Y ha sido una historia de amor entre el juego y la prensa de videojuegos durante meses. El juego de lucha que iba a revolucionarlo todo, el desarrollo que más páginas de videojuegos ha llenado en los últimos meses, la revolución cel shading, la fusión del universo de Akira Toriyama con los maestros desarrolladores de juegos apenas jugados como Guilty Gear o BlazBlue… Pero sí, vale de cinismo, Dragon Ball FighterZ es un juegazo que cumple lo que promete. Y eso hoy en día es muy raro.

¡Ya era hora de un juego de Dragon Ball en el que Yamcha pueda apalizar a todos los arios del espacio!

Porque lo normal sería que, una vez ya llevamos ni sé el rato jugando y estamos ya acostumbrados a esas animaciones “mejores que las del anime”, nos acabáramos cansando del juego, pero no es así. Si habéis leído el millón de artículos que se ha publicado sobre el tema, os habrán dicho hasta la saciedad que el juego es “fácil de aprender, difícil de dominar”, pero eso no quiere decir que puedas entrar al online con relativa tranquilidad, porque como siempre pasa con todos los juegos de lucha, la curva de aprendizaje se hace muy cuesta arriba si no tienes amigos con los que aprender a jugar. Y aun así hay que reconocer que, aunque no tiene tantos tutoriales como los últimos Guilty Gear -toda una virguería, sólo superados por los de Killer Instinct- Dragon Ball FighterZ va bastante bien servido, y hasta los integra dentro del modo historia del juego para que podamos ir aprendiendo a conciencia ciertos fundamentos del juego como teleportarnos detrás del rival, lanzar bolas de energía cada vez más gordas y todas esas cosas que tanto le gusta hacer a los fans de Dragon Ball Z.

Uno de los puntos negros del juego es el lobby, una pijada decorativa que recuerda a los interfaces en 3D de los 90. Afortunadamente, el juego tiene un menú normal y podrás ir directamente a hacer la actividad que te apetezca sin darte paseos.

Y hablando del modo historia -y dejando de lado los distintos modos online y el modo arcade, que también están presentes- tenemos probablemente uno de los mejores del género, porque en vez de hacernos el típico carrusel de personajes en el que te obligan durante seis horas a ir saltando de personaje en personaje en un nivel de dificultad ridículo -porque no te pueden complicar la situación mucho, que al fin y al cabo no sabes manejar un personaje que no has usado en tu vida- en este juego vas reclutando personajes de la serie uno a uno y te dejan usar a los que prefieras, con lo que te puedes pasar la campaña casi entera con el personaje que te de la gana (o más bien los tres, que aquí son combates 3VS3) y que hayas podido reclutar, convirtiendo la campaña en un pequeño juego de gestión de recursos al ir subiendo de nivel unos personajes u otros según te convenga. Sobre la historia del juego en sí no podemos decir que sea ninguna maravilla, a la altura de Dragon Ball Z/Super y por encima del aborto de mona de GT y la mayoría de OVAs, pero hay que reconocerle a ARC System Works que han sido hábiles y han introducido pequeños eventos cuando combinamos ciertos personajes para cada combate, con lo que llegamos a tener ciertos diálogos entre personajes que se agradecen mucho, sobre todo porque se llegan a aclarar preguntas que siempre nos hemos hecho sobre el manga.
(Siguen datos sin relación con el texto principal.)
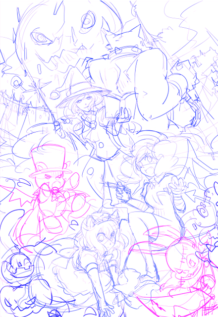ハロウィンやっほーっていう絵を描きたい願望。ごちゃごちゃ
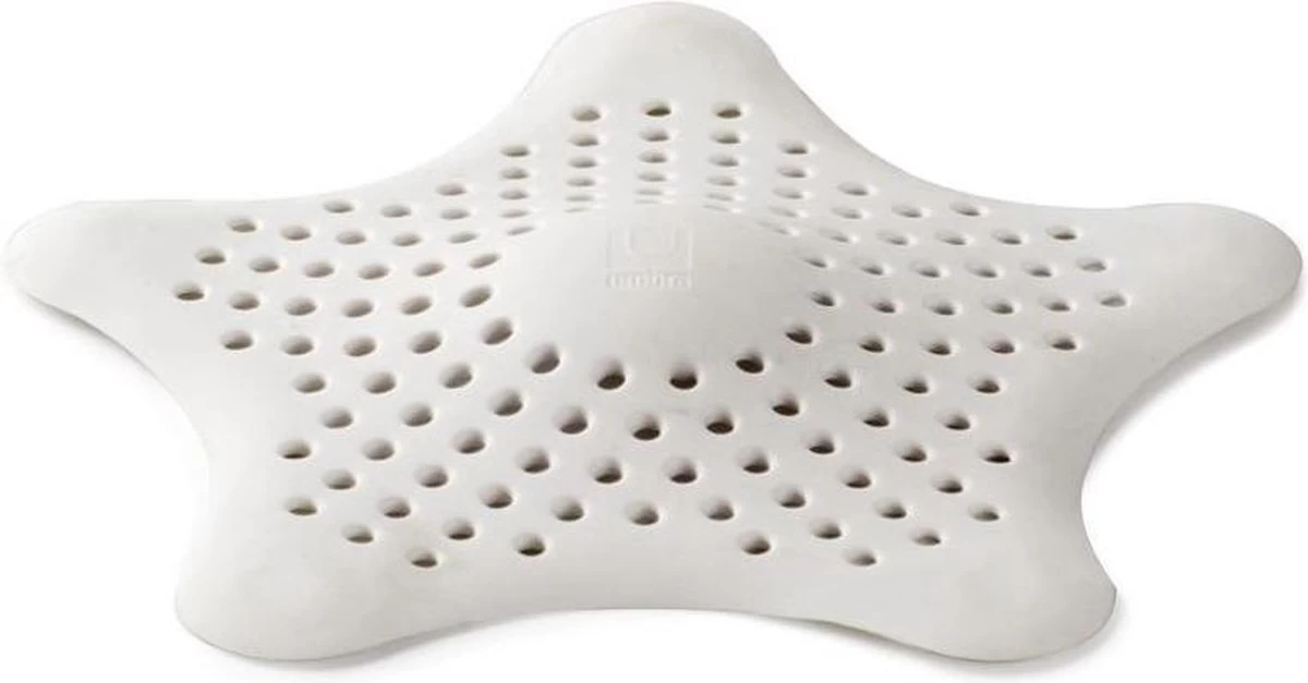Met het gootsteen zeefje Starfish van Umbra ziet je wasbak er ineens een stuk vrolijker uit. Plaats de zeester over je gootsteen putje en hij vangt alle etensresten en of haren voor je op. Ideaal voor in de keuken maar ook voor in de wasbak in de badkamer. Hij zuigt zich vast met zuignapjes. Materiaal: kunststof Afmeting: Ø 165 x 13 cm
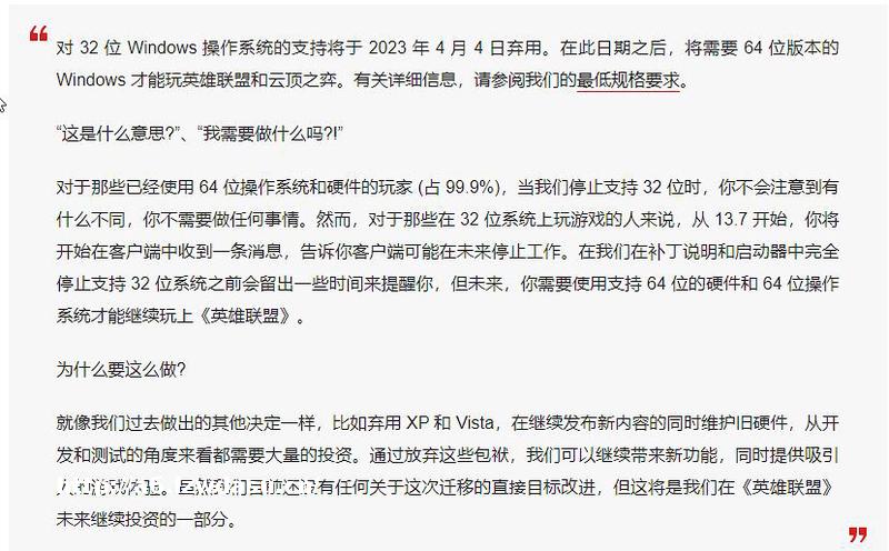 哔哥拿着笔记本,二话不说就给我甩出一个新闻,说的是《英雄联盟》从3月11日起,将不再支持32位操作系统。

18 contra Freezer, canela fina.

¿En el punto negativo del modo historia? Pues que el tercer acto se me hizo un tanto repetitivo, porque a diferencia de los dos primeros el 80% del tiempo te lo pasas usando sólo dos personajes y la parte de los eventos y la gestión brilla por su ausencia. Si sumamos a eso que el juego pasa de una dificultad ridícula durante los dos primeros actos a que los enemigos te ataquen y hasta no te dejen recargar energía a placer -oh dios mio, ¡estamos perdidos!- llegamos a la conclusión de que la IA de este juego no está bien equilibrada, y la gente de ARC estaba aterrorizada ante la idea de que los jugadores no habituales del género salieran corriendo en dirección contraria porque perdían partidas en el modo historia. Que al final es pura anécdota porque tenemos un modo dificil para ponernos las cosas más complicadas, pero después de meterle treinta horas al normal para poder desbloquearlo, como que ya no te quedan ganas de seguir jugando al modo historia por una buena temporada.
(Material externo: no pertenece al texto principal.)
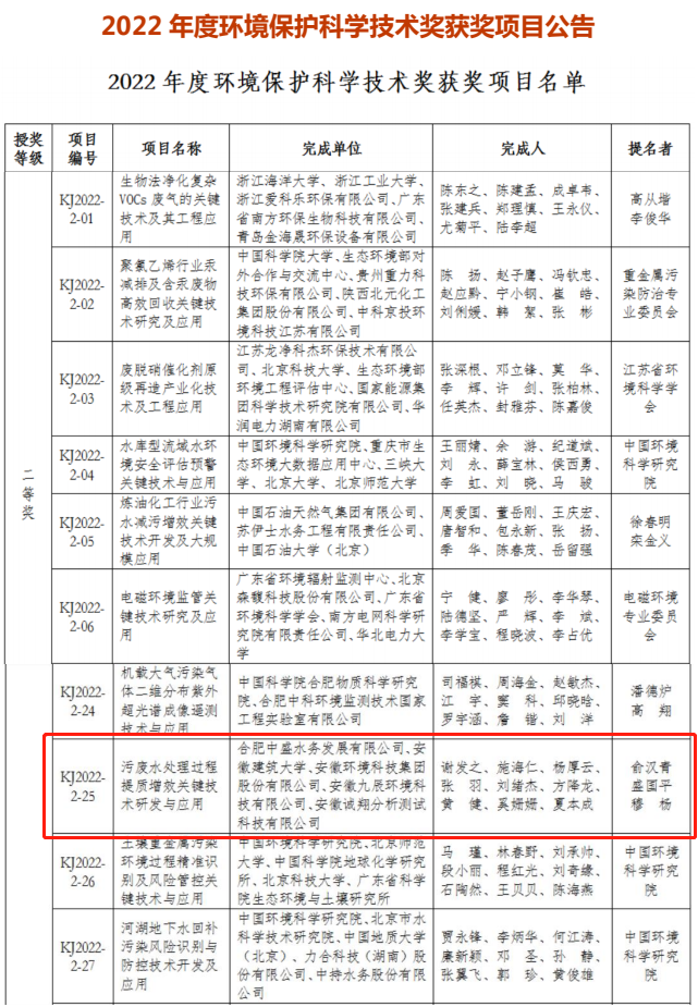 近日,中國環(huán)境科學學會對外發(fā)布了2022年度環(huán)境保護科學技術(shù)獎獲獎名單,由安徽環(huán)境科技集團與合肥中盛水務、安徽建筑大學等單位共同研發(fā)攻關(guān)的技術(shù)成果“污廢水處理過程提質(zhì)增效關(guān)鍵技術(shù)研發(fā)與應用”榮獲二等獎。

La empatía siempre ha sido la asignatura pendiente de los monos del espacio.

En definitiva, que estamos hablando de un juego estupendo cuyos únicos puntos negros son detalles ya habituales en otros juegos del género como trajes alternativos, que las ropas de los luchadores se dañen en combate o el mayor delito y tristemente una práctica habitual de Arc, que el juego sale con un season pass de seis personajes por 35 eurazos, sin dar la opción de Street Fighter V de comprarlos por Fight Money. Que al final esto último sólo les importará a los que le den al online -esos personajes no aparecerán en el modo historia y no añadirían gran cosa al arcade- pero como buen fan de Dragon Ball a secas me jodería bastante que Kid Goku o Mutenroshi saliera por DLC.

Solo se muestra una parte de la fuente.